While Kyrie Irving is happy, city workers who were fired by Adams because they refused to be vaccinated, were furious that the mayor would allow wealthy unvaccinated athletes to earn their big paychecks.
Frankly, I have no sympathy for them. They were city employees, and the employer has the right to set rules in the workplace as long as they don’t discriminate based on race, religion, gender, or sexual orientation. Second, life isn’t fair. The rules for the rich and powerful are different from those for the masses. This will never change.
Forest Hills High School alum Ian Eagle threw a great line calling Friday night’s NCAA Men’s Basketball Tournament game between the Purdue Boilermakers one of the greatest Cinderella stories of all. the times, the peacocks of Saint Peter. “The Peacocks keep strutting!” he said excitedly as they took a 50-49 lead in the second half. He also mentioned how March 25 has been dubbed National Peacock Day for reasons that have nothing to do with college basketball. I have a feeling that Ian’s employer, CBS, could not have been happy with all this talk glorifying peacocks, as it is the symbol of its rival on the broadcast network, NBC, as well as the name of its popular streaming service.
The MLB Network will debut its documentary on former Yankees great and current Miami Marlins manager Don Mattingly this Sunday night at 7:30 p.m. It’s called, of course, “Donnie Baseball.”
Cable network Nickelodeon held its Upfront last Thursday. Upfronts are where TV stations reveal their upcoming programming to advertisers and the press. Tom Brady’s best friend in the NFL, tight end Rob Gronkowski, took the stage at the Palladium Theater to announce that he will be co-hosting with iCarly herself, Miranda Cosgrove, the Kids Choice Awards on April 9.
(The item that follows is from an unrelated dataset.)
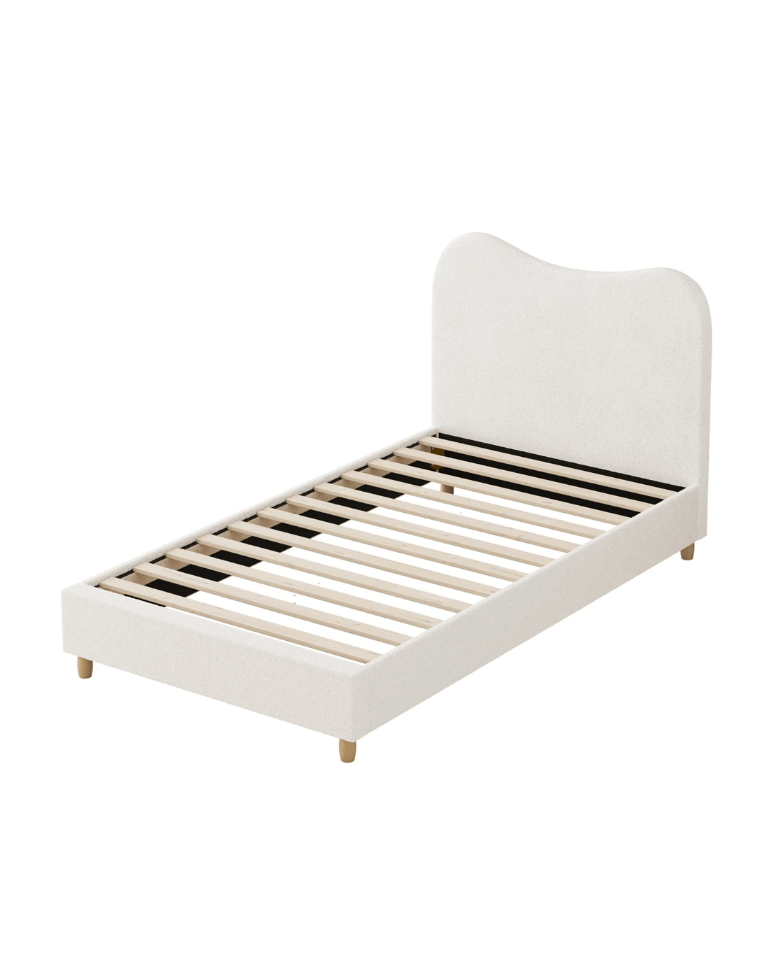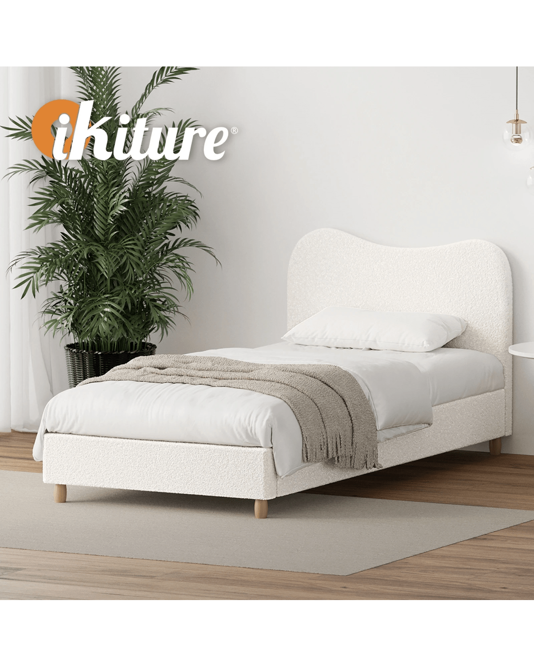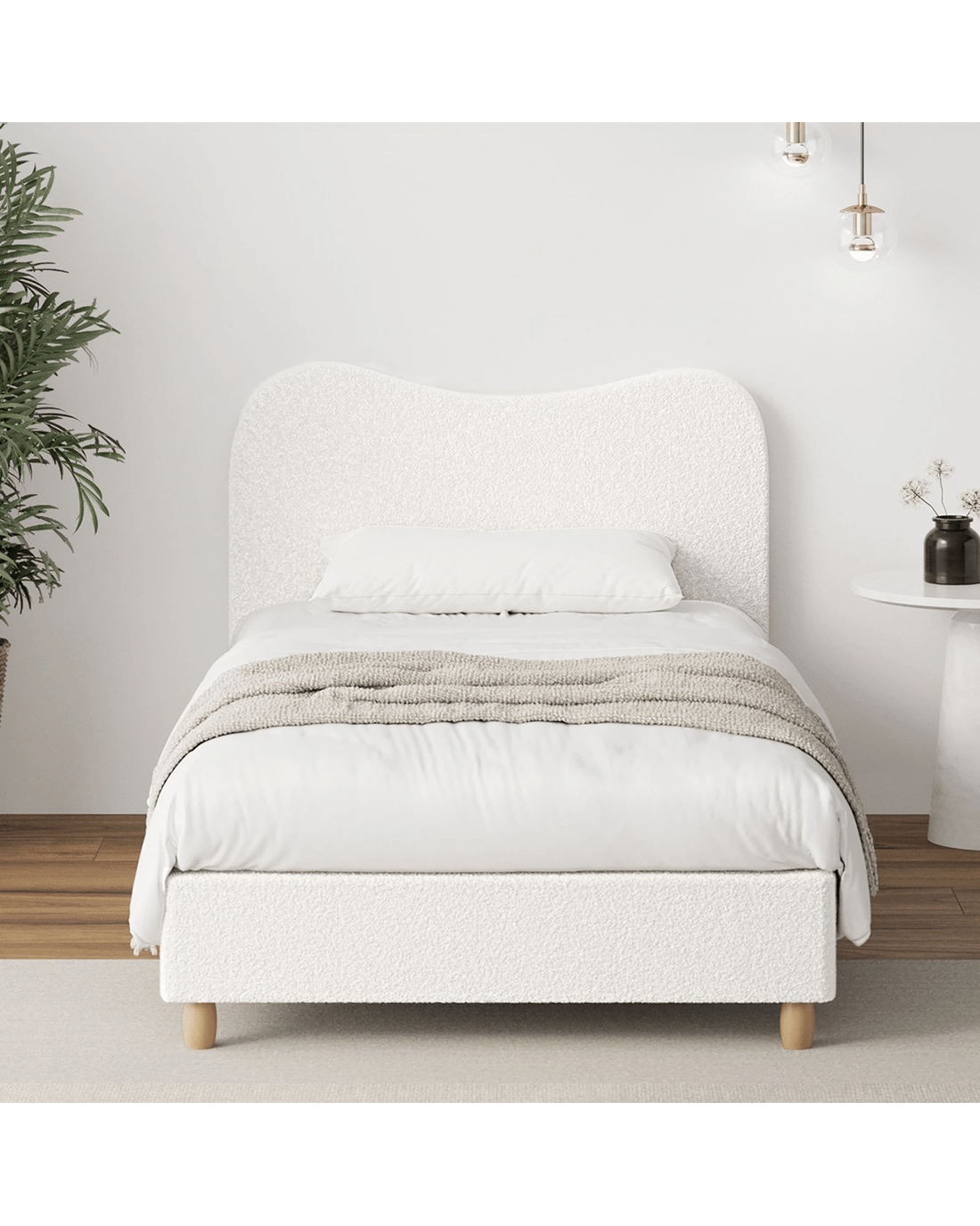 Sold by Kamprad's Oikos 1943Oikiture Bed Frame Single Size Boucle Cloud Shape Headboard - White
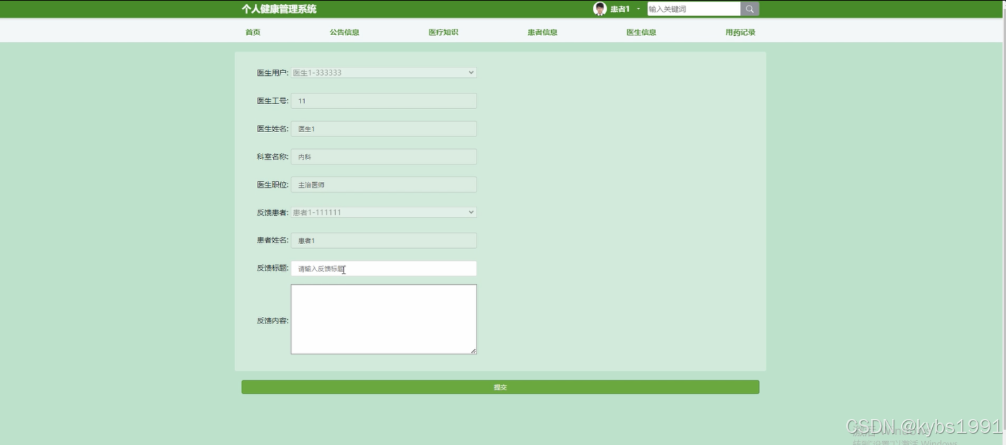 (6)反馈:当用户在医生信息详情界面想要进行反馈,点击下方的“反馈”按钮,就会跳转到反馈信息填写界面,根据界面提示输入反馈信息,点击“提交”按钮,反馈就完成了;

The tireless and popular Nate Burleson is working harder now than he did as an NFL wide receiver for 11 seasons. Burleson is an anchor five days a week on “CBS Mornings.” During football season, he spends Sundays on the panel of “The NFL Today” on CBS. He also hosts Nickelodeon’s weekly football show, “NFL Slimetime,” which had a strong first year and will return for its second season in September.
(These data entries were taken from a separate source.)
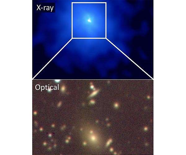Fluffs or points "We started asking ourselves why we had not found it earlier, because it's very extreme in its properties and very bright," McDonald says. "It's because we had preconceived notions of what a cluster should look like. And this didn't conform to that, so we missed it." For the most part, he says astronomers have assumed that galaxy clusters look "fluffy," giving off a very diffuse signal in the X-ray band, unlike brighter, point-like sources, which have been interpreted as extremely active quasars or black holes. "The images are either all points, or fluffs, and the fluffs are these giant million-light-year balls of hot gas that we call clusters, and the points are black holes that are accreting gas and glowing as this gas spirals in," McDonald says. "This idea that you could have a rapidly accreting black hole at the center of a cluster - we didn't think that was something that happened in nature." But the Phoenix discovery proved that galaxy clusters could indeed host immensely active black holes, prompting McDonald to wonder: Could there be other nearby galaxy clusters that were simply misidentified?
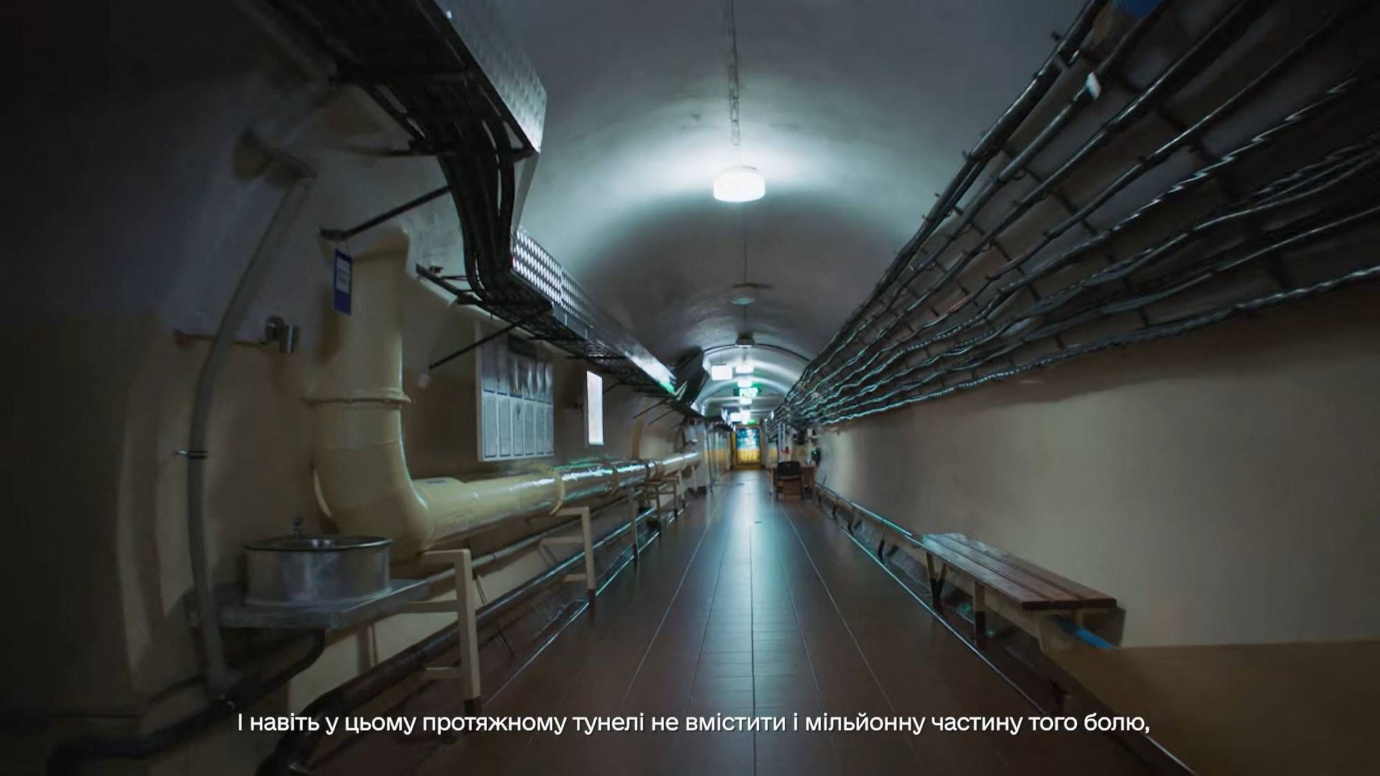 اليوم، توجد في كل غرفة داخل الملجأ نحو عشرة مقاعد، وشاشة تلفزيون، وأعلام أوكرانية. وتمتد أسلاك كهربائية على طول الجدران، إلى جانب أنابيب غاز، فيما ثُبتت لوحات كهربائية في السقف.
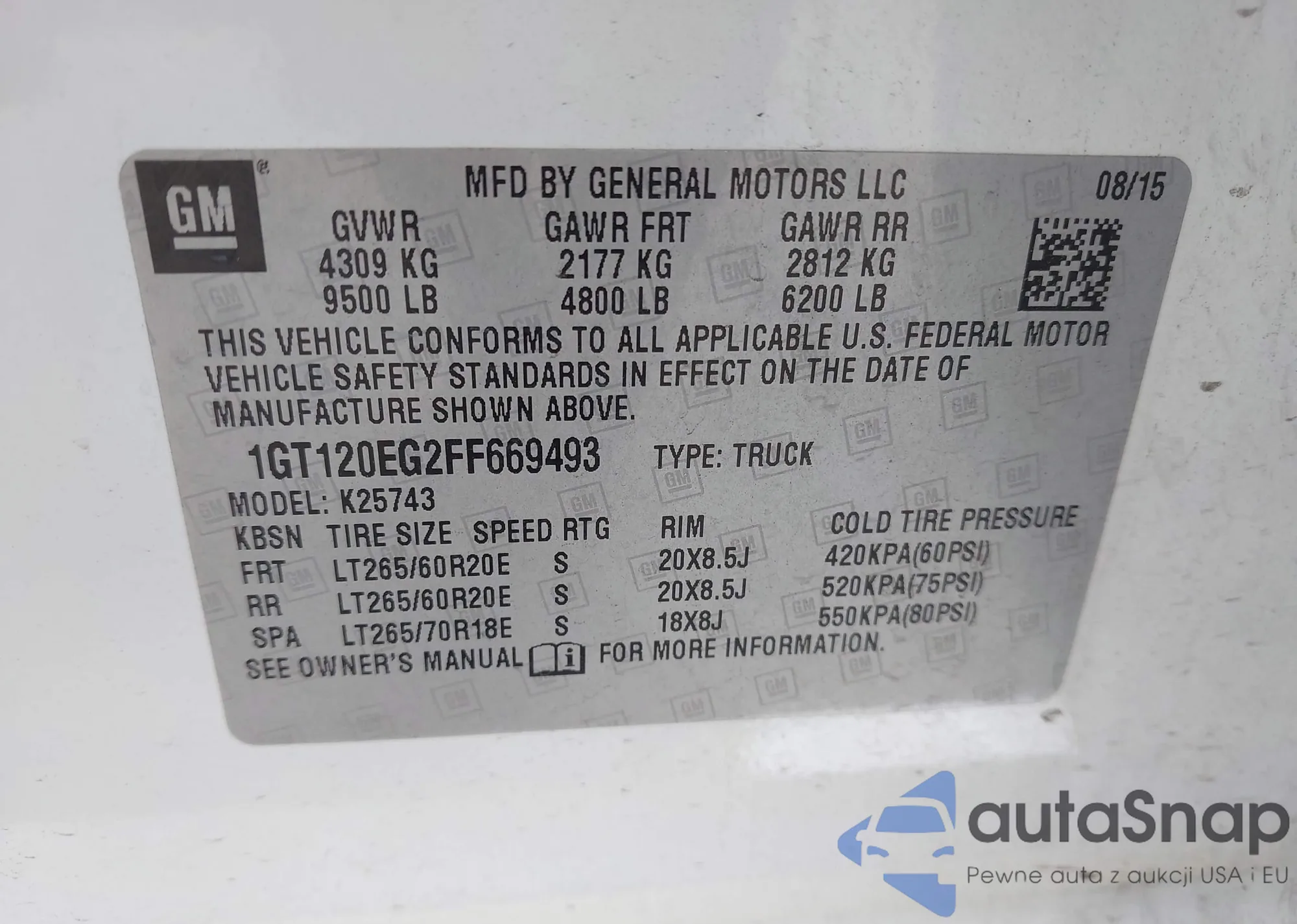 • VIN 1GT120EG2FF669493

Nickelodeon will expand its sports portfolio this summer as several PGA stars will compete with kids in a golf-themed competition called “The Slime Cup.” If it’s Nickelodeon, then you know green slime is involved. Since golf is played on green grass, you knew this pairing was inevitable.
CBS debuts a new Thursday night series, “How We Roll,” based on the life of professional bowler Tommy Smallwood. After being laid off from his job at the Michigan assembly line, Smallwood decided to pursue his dream of joining the Professional Bowlers Association tour. Comedian Pete Holmes, who starred in HBO’s “Crashing,” which examined how far a stand-up comedian will go to get stage time at New York’s comedy clubs, stars as Tommy Smallwood.
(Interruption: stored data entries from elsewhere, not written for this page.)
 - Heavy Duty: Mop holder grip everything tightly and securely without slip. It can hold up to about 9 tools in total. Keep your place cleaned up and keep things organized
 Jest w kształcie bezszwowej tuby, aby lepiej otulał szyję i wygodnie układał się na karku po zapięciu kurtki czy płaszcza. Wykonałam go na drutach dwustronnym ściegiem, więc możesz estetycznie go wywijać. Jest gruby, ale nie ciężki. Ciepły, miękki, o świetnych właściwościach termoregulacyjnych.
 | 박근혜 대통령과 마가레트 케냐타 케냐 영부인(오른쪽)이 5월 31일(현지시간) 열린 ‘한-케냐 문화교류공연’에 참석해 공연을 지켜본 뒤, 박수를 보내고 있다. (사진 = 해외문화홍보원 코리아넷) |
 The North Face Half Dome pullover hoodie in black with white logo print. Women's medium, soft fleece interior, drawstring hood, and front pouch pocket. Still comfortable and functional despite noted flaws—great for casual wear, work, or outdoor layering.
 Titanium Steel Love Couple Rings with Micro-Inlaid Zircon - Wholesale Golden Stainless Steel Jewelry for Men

SNY has launched an app that allows cable viewers to watch all of their programming, including live Mets games, on their phones and computers.
Speaking of SNY, Kim Jones recently aired on two of her studio shows, “Sports Nite” and “Baseball Night in New York.” Jones is a seasoned sportswriter who started out in the print world covering the NFL at the Newark Star-Ledger before moving into the electronic media world. She worked at the YES Network before moving to the NFL Network. For reasons I don’t understand (and I hope it’s not ageism), the NFL Network did not renew his contract. You can still hear her on WFAN where she does replacement work. Jones has great sources of sports information, so when she talks, it’s wise to pay attention.